Smith: SJ construction workers continue to wait on wage theft protection
Silvery Towers, the site where more than a dozen workers were allegedly enslaved in squalid conditions. File photo.

    Tick tock. Tick tock. Tick tock. What’s that sound? The sound of time being wasted by Mayor Sam Liccardo and five of his colleagues in cracking down on human trafficking and wage theft in the construction industry.

    The fact that San Jose construction workers are exploited and victimized by wage theft perpetrated by unscrupulous low-road developers is not in dispute. The magnitude of construction workers being ripped off ranges from overtime not being paid, lunch breaks not being provided and workers ordered to work “off the clock” to what occurred at the infamous Slavery Towers.  Actual human slavery.

    Right in the heart of downtown San Jose, construction workers on the Silvery Towers condo project, a project named after one of KT Urban’s Ken and Mark Tersini’s family members, were made to work without being paid, held in squalid conditions and threatened with harm if they spoke out. The vile sub-contractor on the project was arrested, convicted and is serving a federal prison sentence for his crime. Silvery Towers is now known as Slavery Towers and when this story broke, everyone thought the San Jose City Council would take swift action to remedy this ill.

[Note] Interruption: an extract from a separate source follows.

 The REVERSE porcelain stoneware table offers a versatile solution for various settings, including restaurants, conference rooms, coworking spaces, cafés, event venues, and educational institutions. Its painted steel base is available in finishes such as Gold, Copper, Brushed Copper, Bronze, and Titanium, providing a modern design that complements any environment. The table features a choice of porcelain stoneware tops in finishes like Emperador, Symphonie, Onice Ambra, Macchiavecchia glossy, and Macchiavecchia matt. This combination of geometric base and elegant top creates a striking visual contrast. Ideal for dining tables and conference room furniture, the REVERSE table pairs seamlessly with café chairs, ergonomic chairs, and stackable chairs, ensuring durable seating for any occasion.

    Tick tock. Tick tock. Unfortunately, we are all still waiting.

    One would think that passing a “Responsible Construction Ordinance” to wash the Slavery Towers stain away forever would have been a no brainer. Not in San Jose. Faux condemnation, phony righteous indignation and promises of “never again” rang through City Hall’s 18th floor as the ugly truth of what occurred at Slavery Towers was revealed. Yet here we are today, without a wage theft ordinance protecting workers on those public works and private construction projects.

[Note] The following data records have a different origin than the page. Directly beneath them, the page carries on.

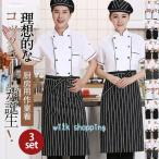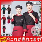 コックコート コックシャツ 長袖 コック服 セットアップ 3点セット メンズ トップス エプロン 帽子 制服 パン屋 コックウェア レディース
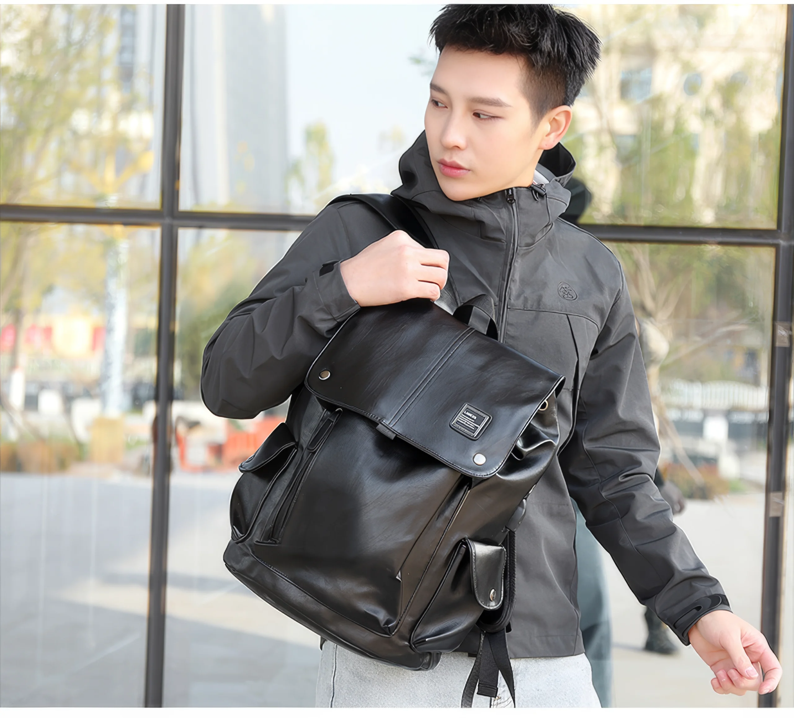 This backpack is a perfect blend of streetwear and executive style. With its matte faux leather finish and flap-over top, it adds elegance to your everyday look.
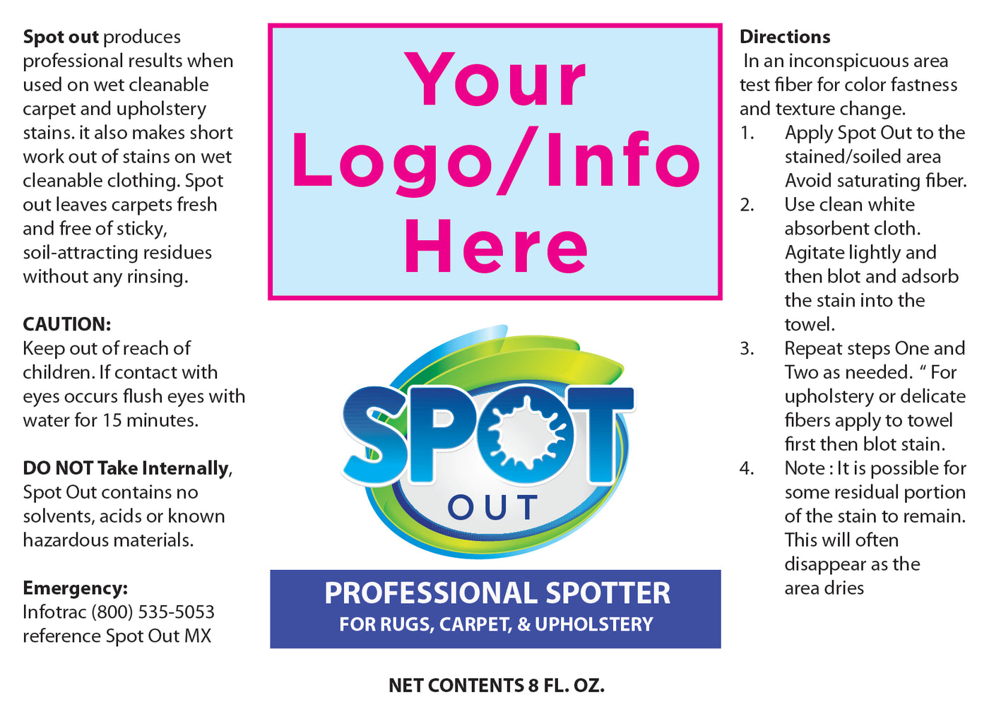 Create lifetime, repeat customers with MasterBlend custom label spot out in 8oz size! At less than $5.50/bottle delivered, spot out is one of the most cost effective ways to generate repeat business!

    Juxtapose the snail-like pace of the inaction to enact a Responsible Construction Ordinance with what occurred when the Tersini brothers and their ilk cried poor and it’s plain to see which side the council majority is on. Small hint, it’s not on the side of San Jose’s middle-class construction workers.

    When the development lobby descended upon City Hall with their crocodile tears about not being able to turn a buck on their high-rise construction projects, Mayor Liccardo channeled his best Han Solo and jumped into the Millennium Falcon and piloted it at light speed to get them a $67 million-dollar taxpayer funded handout.

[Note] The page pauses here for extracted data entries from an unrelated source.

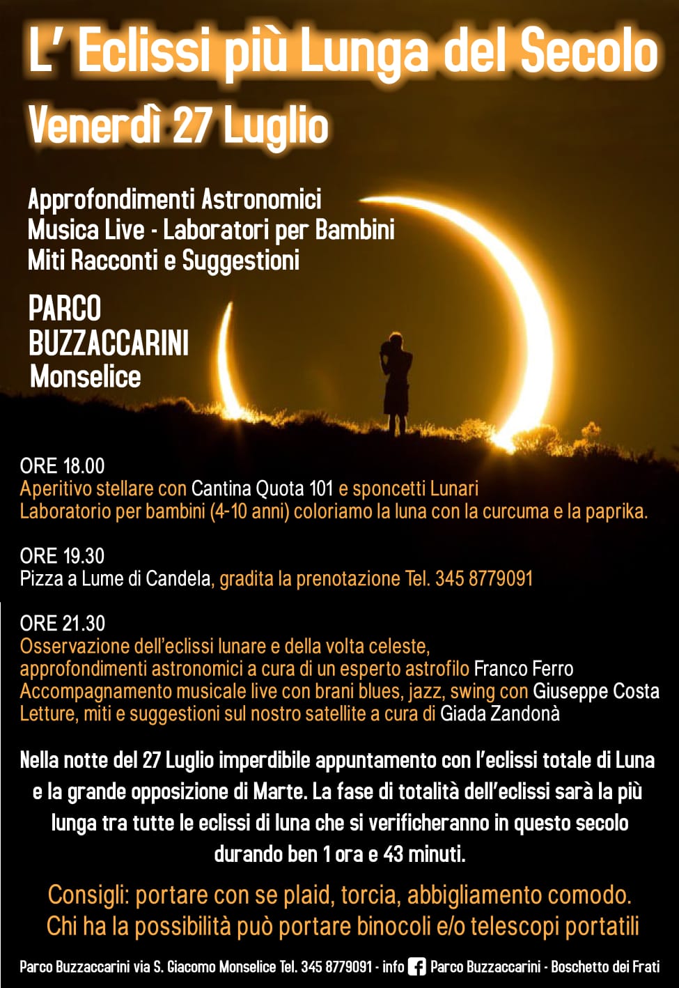 La fase di totalità dell’eclissi sarà la più lunga tra tutte le eclissi di luna che si verificheranno in questo secolo, durando ben 1 e 43 minuti…. ed il Parco vi offre una serata Lunare!
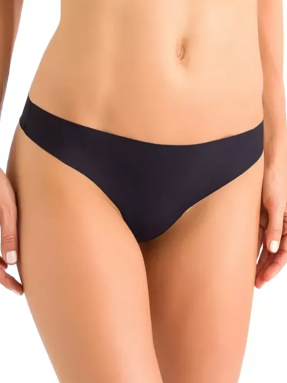 Der String aus der Serie Smooth Illusion von HANRO of Switzerland stellt weibliche Reize in den Mittelpunkt. Durch die knappe Schnittform ist das Wäschestück aus leichtem, elastischem Polyamid besonders verführerisch. Zudem macht sich der String hervorragend unter sommerlicher und anschmiegsamer Kleidung, da er über unsichtbare, geschnittene Kanten verfügt. Ein hervorragender Tragekomfort ist ebenso gewiss.
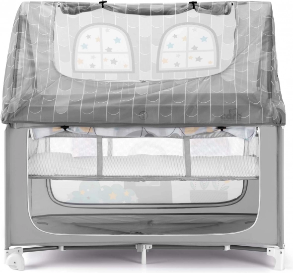 Otroška posteljica Daily Dolci Sogni izstopa po čvrsti kovinski konstrukciji in mehki elastični tkanini, kar jo naredi zelo praktično in varno. Obe stranici hiške sta opremljeni s prozornimi mrežastimi materiali, ki zagotavljajo dober pregled nad otrokom in enostaven dostop. Streha hiške je zložljiva, kar olajša rokovanje in dostop do otroka.
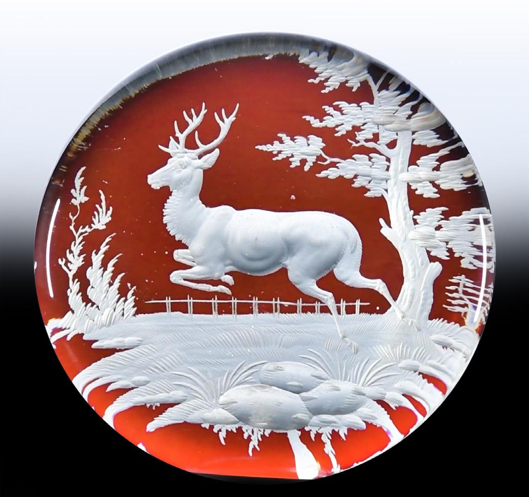 36 Antique Bohemian engraved stags and doe red-stained low-domed paperweight. A pastoral landscape of a grassy clearing with a fence is the playground of a leaping athletic young stag. The engraved scene is captured against a transparent ruby red-stained base.
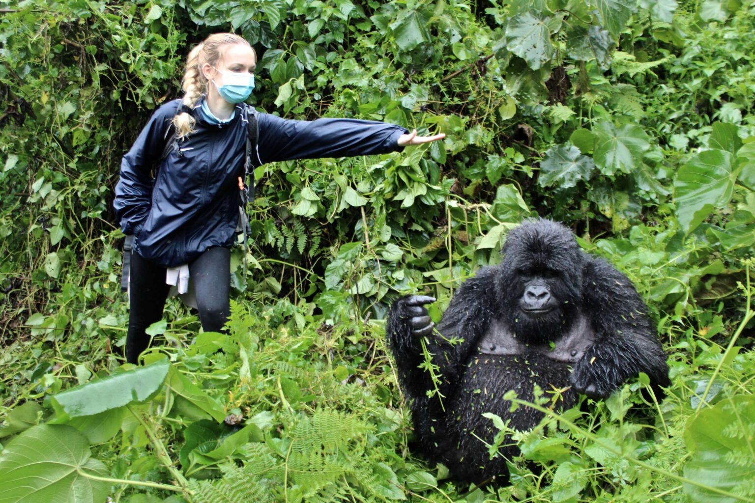 Čas nasadiť si na tvár chirurgickú masku. S gorilami máme spoločných vyše 95% DNA, čo okrem iného znamená aj to, že sme náchylní na rovnaké ochorenia. Aby sme sa teda vzájomne náhodou niečím nenakazili, je povinné v prítomnosti goríl nosiť na tvári masku. My, Francúzi a rangeri máme masky chirurgické, čo sme dostali ešte pred vstupom do lesa, Číňania majú vlastné, čierne, z nejakého čudného materiálu.

    When construction workers and their families shed real tears about not being able to make their rent or mortgage, pay their bills, pay for daycare or save for retirement because they are being ripped off by greedy developers and shady contractors, the mayor donned on a turtle shell and has inched along.

    The mayor and council should back up their rhetoric condemning wage theft in the construction industry with action. They should adopt a strong Responsible Construction Ordinance that incorporates the recommendations contained in Councilmember Sergio Jimenez’s proposal. Construction workers in San Jose have waited long enough; it’s time our elected officials matched their rhetoric condemning wage theft with action to eradicate it.

    Tick tock. Tick tock. Tick tock.

    Will Smith is the business representative for the International Brotherhood of Electrical Workers, Local 332 (IBEW), which represents approximately 81 full-time employees, including electricians, senior electricians and electrical supervisors in San Jose.